Pemerintah Tunjuk Perplexity AI Jadi Pemungut Pajak Digital Baru

Selasa, 26 Mei 2026 | 11:10:22 WIB
Ilustrasi Pajak Digital, Sumber: (NET).

JAKARTA -, Pemerintah mencatat total penerimaan dari sektor pajak digital hingga 30 April 2026 telah menyentuh angka Rp6 triliun.

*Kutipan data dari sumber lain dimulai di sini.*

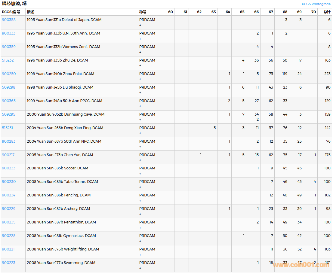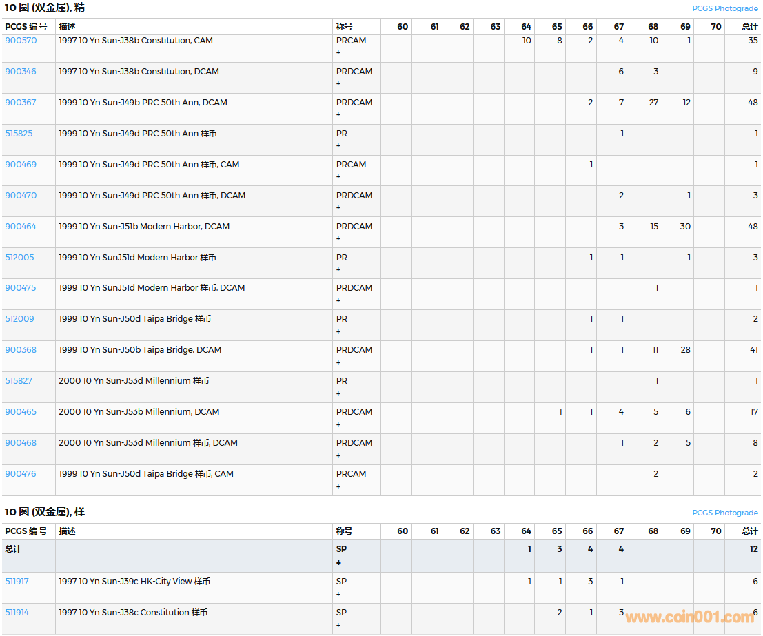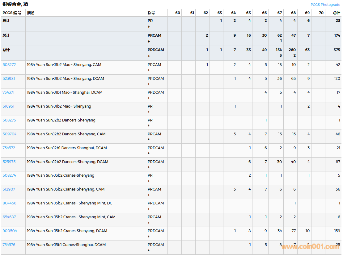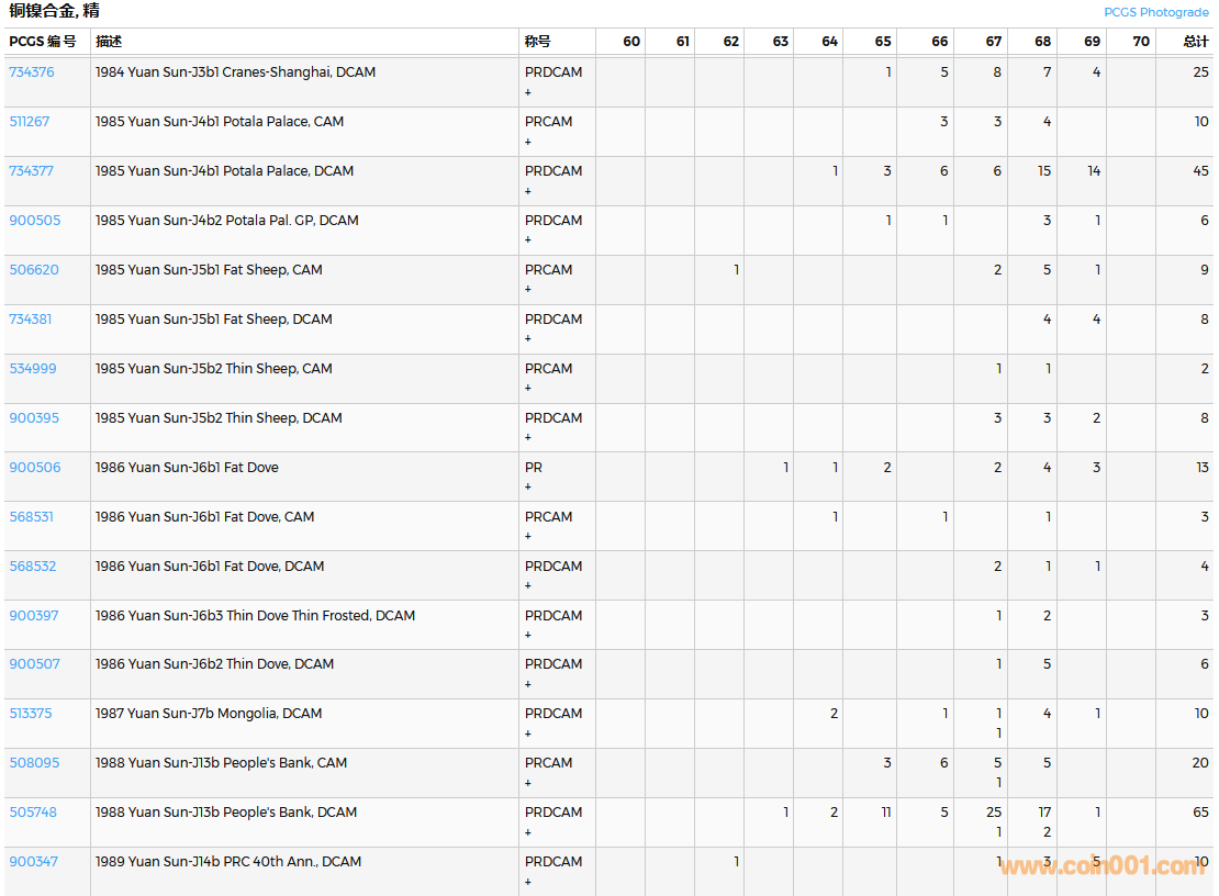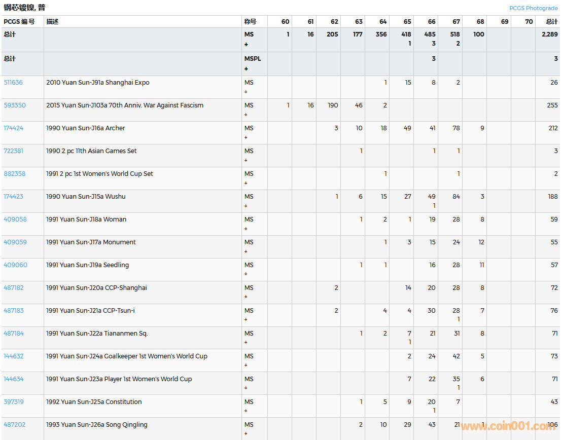 PCGS硬幣評級數(shù)量報告( ..

Perolehan tersebut dikumpulkan dari empat pilar utama, yaitu Pajak Pertambahan Nilai Perdagangan Melalui Sistem Elektronik (PPN PMSE), pajak Sistem Informasi Pengadaan Pemerintah (SIPP), pajak fintech, serta pajak aset kripto.

Sektor PPN PMSE menyumbang sebesar Rp4,27 triliun dari total 232 pelaku usaha pemungut.

Hingga akhir April 2026, jumlah tersebut berkembang menjadi 264 pelaku setelah dilakukan penyesuaian daftar oleh otoritas terkait, termasuk penunjukan mitra baru yakni HashiCorp, Inc dan Perplexity AI, Inc, serta pencabutan status administratif untuk OpenAI LLC.

Sementara itu, setoran dari pajak SIPP yang mencakup PPh Pasal 22 dan PPN berada di angka Rp1,11 triliun.

Di sisi lain, sektor fintech ikut menyumbangkan penerimaan senilai Rp477,43 miliar yang berasal dari tiga instrumen perpajakan atas bunga pinjaman serta setoran masa PPN dalam negeri.

Untuk lini aset kripto, setoran yang berhasil dihimpun dari PPh Pasal 22 dan PPN dalam negeri adalah sebesar Rp147,32 miliar.

Tren positif pada perolehan pajak digital ini membuktikan perluasan basis pajak pada ekosistem ekonomi digital saat ini.

Kenaikan berkala tersebut juga mencerminkan tingkat kesadaran serta kepatuhan para pelaku usaha yang kian meningkat dalam memenuhi seluruh kewajiban perpajakan mereka.